Similary, \(n\) should be logarithmic in significance, b/c running twice and failing only if both fail squares the probability of a false fail.
If \(np(1-p)\) is large relative to \(1\), \(n\) should be quadratic in \(1/(q-p)\) (inverse absolute effect size). Why? For fixed significance, the decision boundary needs to exclude that much mass in the failure frequency distribution. If \(n\) is large relative to \(p(1-p)\), the shape of the distribution will be Gaussian, so the mass excluded by a decision boundary will be given by the number of standard deviations that boundary is away from the mode. Squeezing the effect size squeezes the room available to place the decision boundary, so will require a proportional squeeze on the standard deviation, which will require a quadratic increase in \(n\).
For small \(p\) and fixed relative effect size, \(n\) should be linear in \(1/p\). Why? Holding \(np\) constant will leave the distribution on observed spurious failures more or less fixed, near a Poisson with rate \(np\). By “fixed relative effect size” I mean that \(q = cp\) for some constant \(c\). In this regime, holding \(np\) fixed will also hold \(nq\) fixed, thus keeping the distribution on observed failures given the minimal severe bug fixed as well, near a Poisson with rate \(nq\). The desired decision boundary and obtained significance and power will be determined by those two Poisson distributions.
For fixed absolute effect size, at some point reducing \(p\) will stop significantly moving \(q\) or making significant room to obtain the desired power by moving the decision boundary, so \(n\) will asymptote to a constant and the obtained false failure rate will tend to zero.

Statistical Optimizations

The above discussion assumes very little about the procedure under test. Often enough, there will be circumstances where more is known. In this case, doing more math will let one obtain the same discrimination strength with less computation.

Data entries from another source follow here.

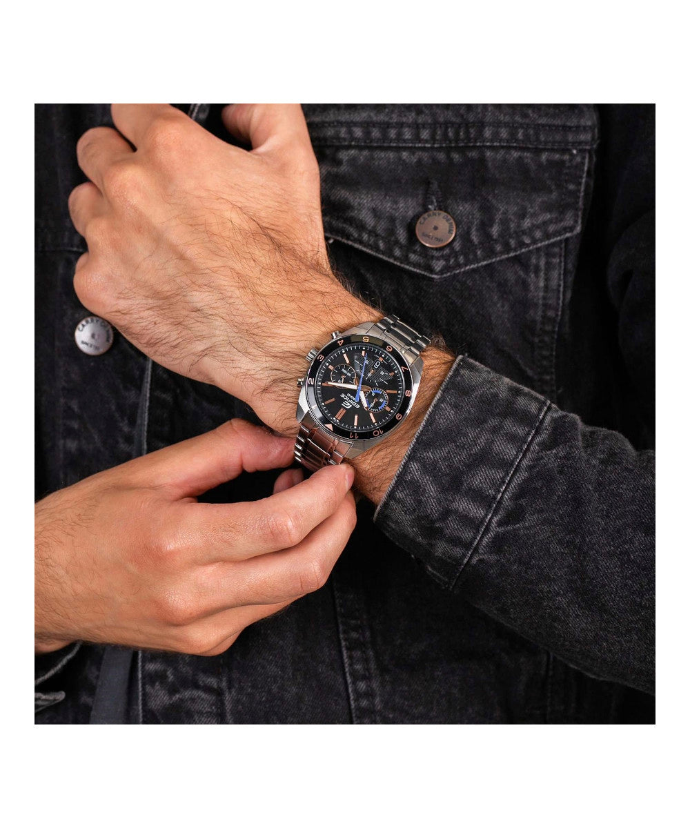FUNCIONES: Reloj EDIFCE, 100 metros de resistencia al agua, cronómetro 1 segundo, indicador de fecha, caja en acero, pulso en acero.
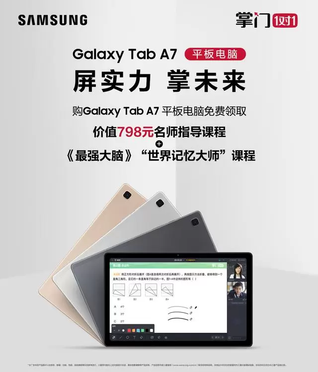 转眼岁末,对学生来说,最重要的事莫过于期末考试和寒假,各地区的寒假安排也已经出炉:和往年相比,由于疫情原因,各校寒假时间都有延长。长假即将开始,如何科学地使用学习工具并制定合理的学习计划成了学生们必须要提前考虑好的问题。为此,三星电子携手在线教育品牌掌门1对1早早地做好了规划,2020年12月21日起至2021年03月31日,凡在三星官方网上商城、京东、天猫、苏宁易购等线上渠道购买三星Galaxy Tab A7即可获得价值798元精品课程大礼包。
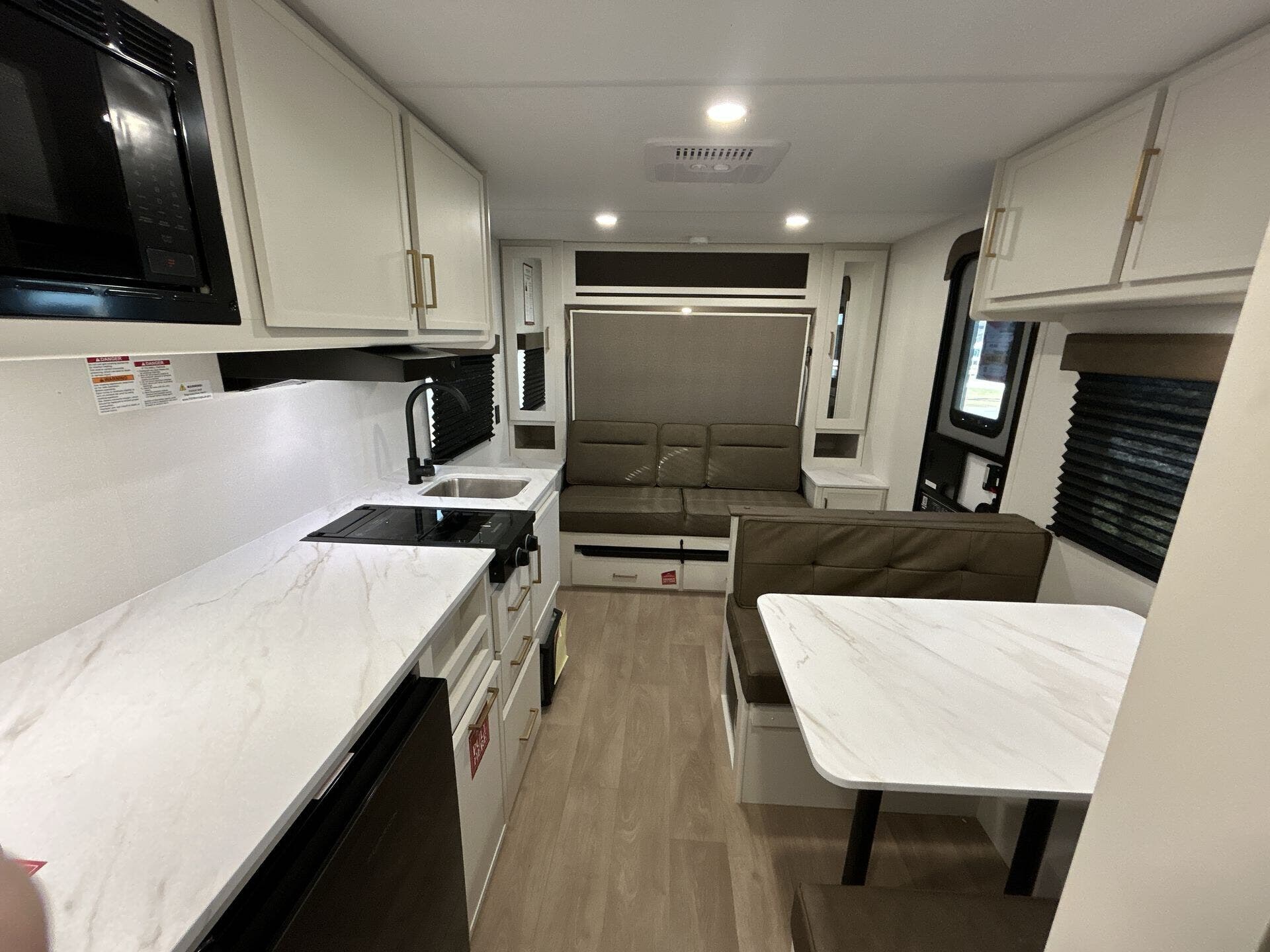 The 151RB features a smart Front Bedroom, Mid Kitchen, and Rear Bath configuration—ideal for couples and small families. With no slideouts, the floor plan remains straightforward to tow and easy to maneuver, while delivering a welcoming living space. A queen bed ensures restful nights, and the compact yet well-appointed kitchen keeps meal prep within reach for everyday use.
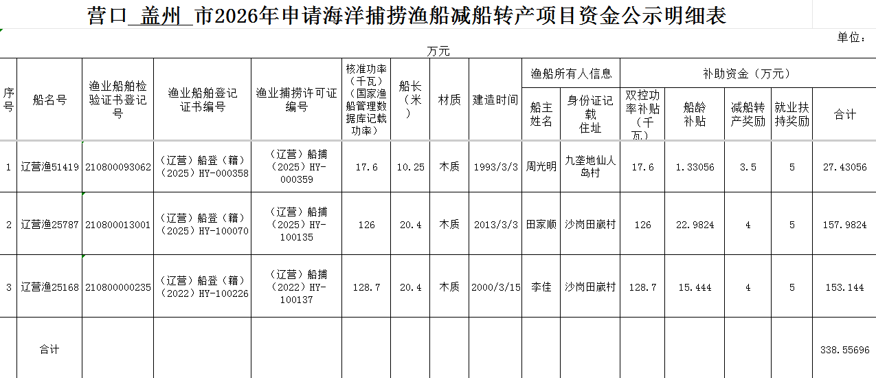 现根据有关规定,对申报减船转产渔船进行公示,公示期为3个工作日,从2026年3月26日至2026年3月28日,对申请减船转产渔船是否存在,船舶证件是否齐全有效,船证是否相符等问题存在异议者,可以口头或书面形式向盖州市农业农村局进行反馈,逾期不予受理。
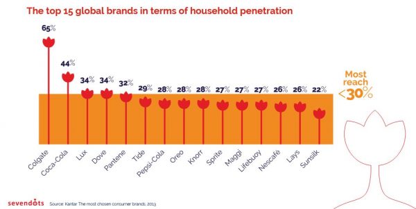 Aside from Colgate (65%) and Coca-Cola (44%), the majority of the brands above struggle to achieve even 30% household penetration. For Colgate, the global leader in toothpaste, one of the primary reasons for their Brand Penetration success can be attributed to their one-brand consistency across all geographies and thus creating a “globalized asset”.
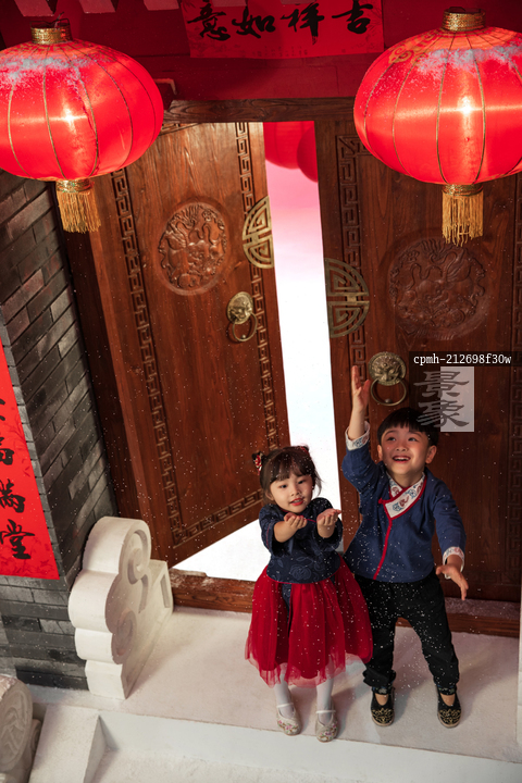 图片标题: 新年在门口玩耍的快乐男孩女孩
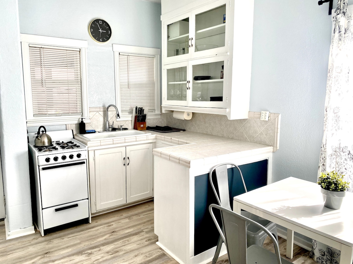 Ця студія в центрі міста має повнорозмірну кухню, високошвидкісний Інтернет і знаходиться в декількох хвилинах ходьби до всього. Розташований посеред центру Сакраменто-Мідтаун. Прогуляйтеся до пам 'яток та гарячих точок, насолоджуючись комфортом, який виглядає як другий будинок з ліжком queen-size та спеціальним робочим місцем. Ідеально підходить для віддаленої роботи та вивчення міста. Поруч концертні майданчики, чудові ресторани, центр Golden1, конференц-центр Safe Credit Union, Капітолій штату та Старий Сак.
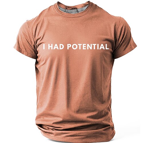 Maglietta da uomo con grafica I had potential funny sarcastic quote minimal meme, vestibilità regolare, taglie S, M, L, XL, XXL, XXXL.
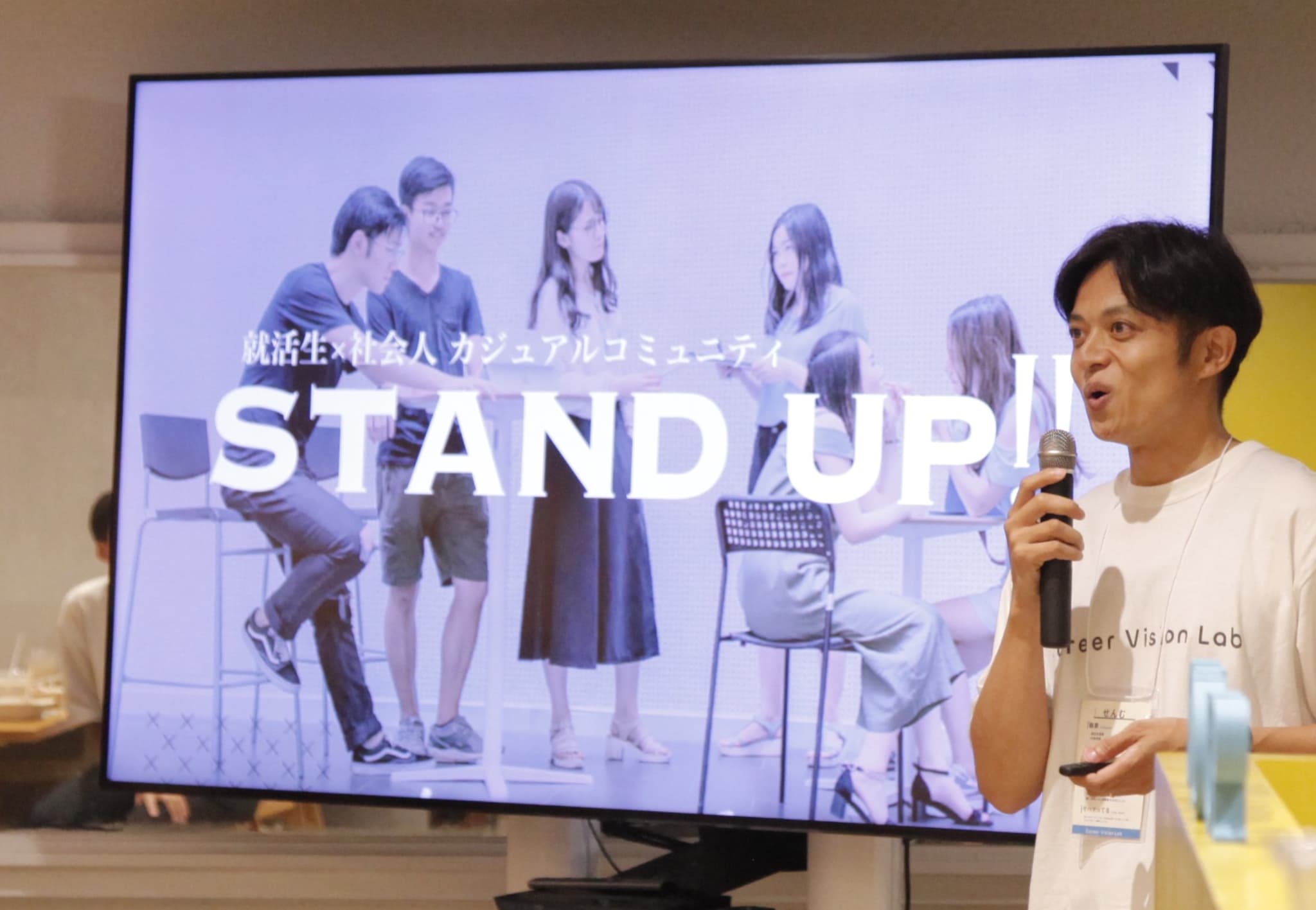 「ツマラナイ就活を、オモシロく。」をスローガンに、従来の堅苦しい就職活動とは異なるアプローチを特徴. 就活生×社会人 カジュアルコミュニティ 'STAND UP!!'
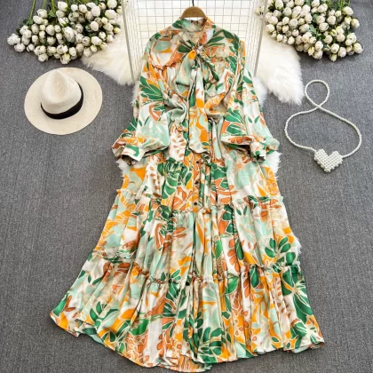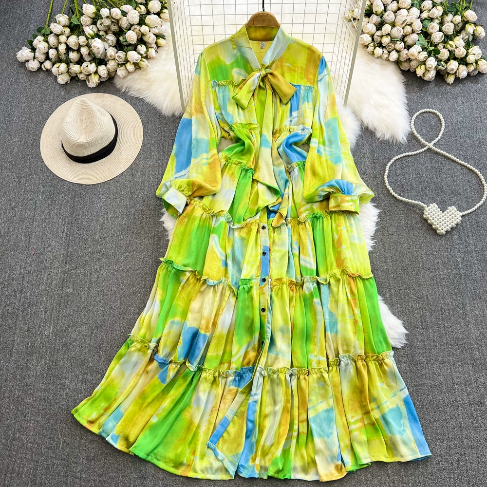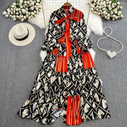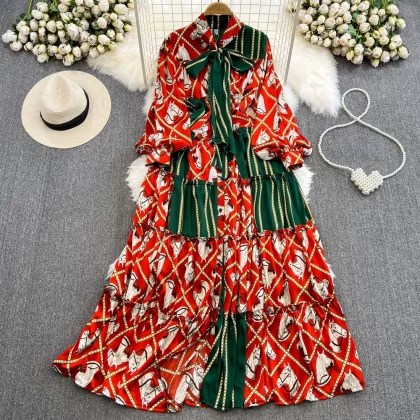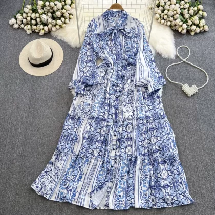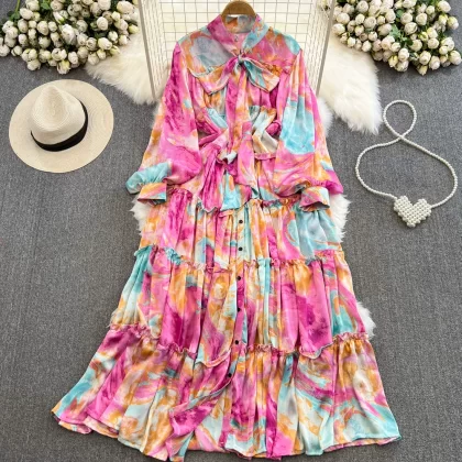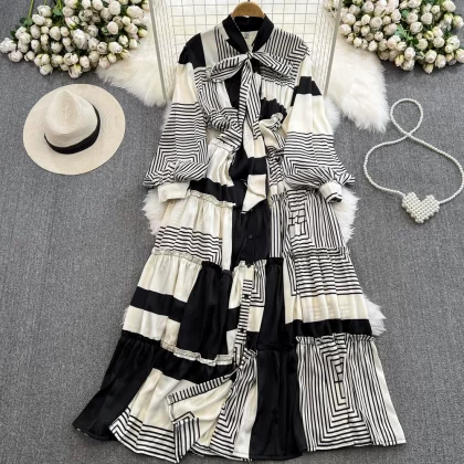 | nameOriginal | Light luxury long-sleeved dress with elegant bow tie |
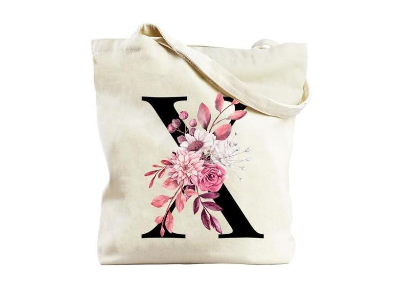 Xasopffe Sacolas iniciais para mulheres, bolsa com monograma para professora enfermeira, presentes personalizados para casamento, aniversário, Natal, Bege, One Size
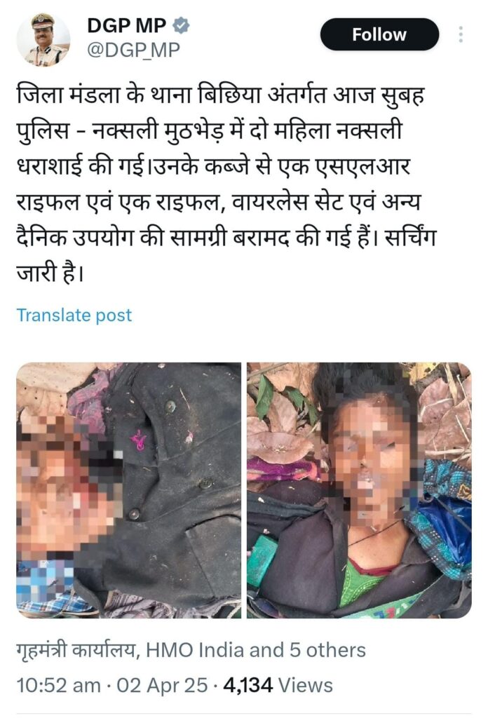 मध्य प्रदेश,02 अप्रैल 2025। मंडला जिले के बिछिया थाना अंतर्गत घने जंगल में पुलिस और नक्सलियों के बीच हुई मुठभेड़ में सुरक्षा बल के हॉकफोर्स के जवानों ने 14-14 लाख की दो इनामी महिला नक्सली ममता और प्रमिला को ढेर कर दिया है। मुठभेड़ के दौरान जवानों ने हथियार, एसएलआर राइफल एवं अन्य सामग्री बरामद की है।
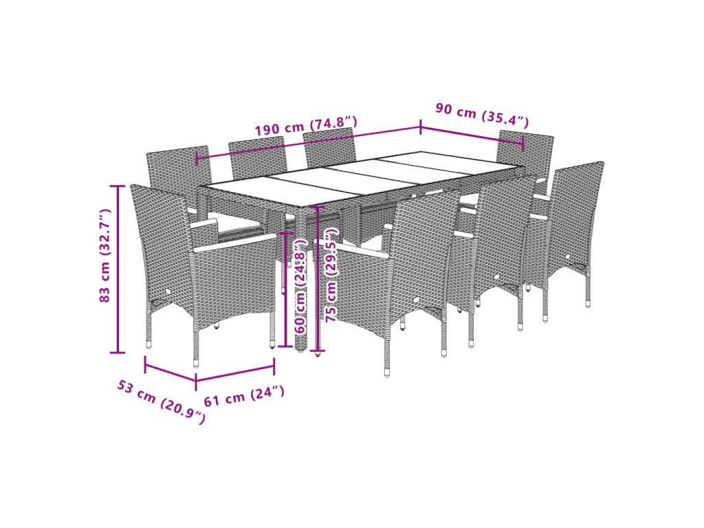 - Materiál: PE ratan, oceľ s práškovou povrchovou úpravou, tvrdené sklo

For example, suppose the procedure \(\P\) under test were a random function returning objects from the set {apple, banana, orange, pear}, and one analytically knew the exact probability distribution on outputs that it should have if implemented correctly. Sticking strictly to the above interface, one would have to come up with some crockery like “run \(\P\) fifty times, compute the \(\chi^2\) statistic on the results (against the expected frequencies), and assert that it is less than \(1\%\) no more than \(1\%\) of the time.” Which the above test framework would then decide to run maybe a hundred times to obtain the desired overall significance, for a total of \(5,\!000\) runs of \(\P\).

Needless to say, this is rather inefficient. \(5,\!000\) runs of \(\P\) are enough to get plenty good significance by doing a single big \(\chi^2\) test and inspecting its p-value. The \(\chi^2\) test has well-defined measures of effect size,⁵ and corresponding power analyses, so much computation can be saved by directly implementing a test controller for \(\chi^2\) with knobs for significance, power, effect size, and compute budget, instead of going through the Boolean case above. Presumably, many other standard statistical tests can be treated similarly to good effect.⁶

The concept of “alternate hypothesis” becomes more relevant for a more structured test than for the basic Boolean scenario. Suppose I am actually writing a regression test, and I have a definite other distribution that I expect \(\P\) to produce if it contains the particular implementation bug I am looking for. It seems appropriate for a testing framework to allow (but not require) a test author to specify such an alternative (or set of alternatives) in the test definition. It would then be up to the test framework to automatically compute what “effect size” that corresponds to and make sure that the specified alternative registers as a sufficiently “severe” bug that the overall test power guarantee applies to it.

Computational Optimizations

A different kind of optimization would be stopping early when the trials are coming up sufficiently extreme. For example, if one is starting \(100\) scheduled runs of some testee \(\F\) that’s expected to report bad results no more than \(20\%\) of the time, and one finds that \(19\) of the first \(20\) trials were bad, one would not be unjustified in thinking that failing immediately is sound and would speed the overall test up by a factor of four.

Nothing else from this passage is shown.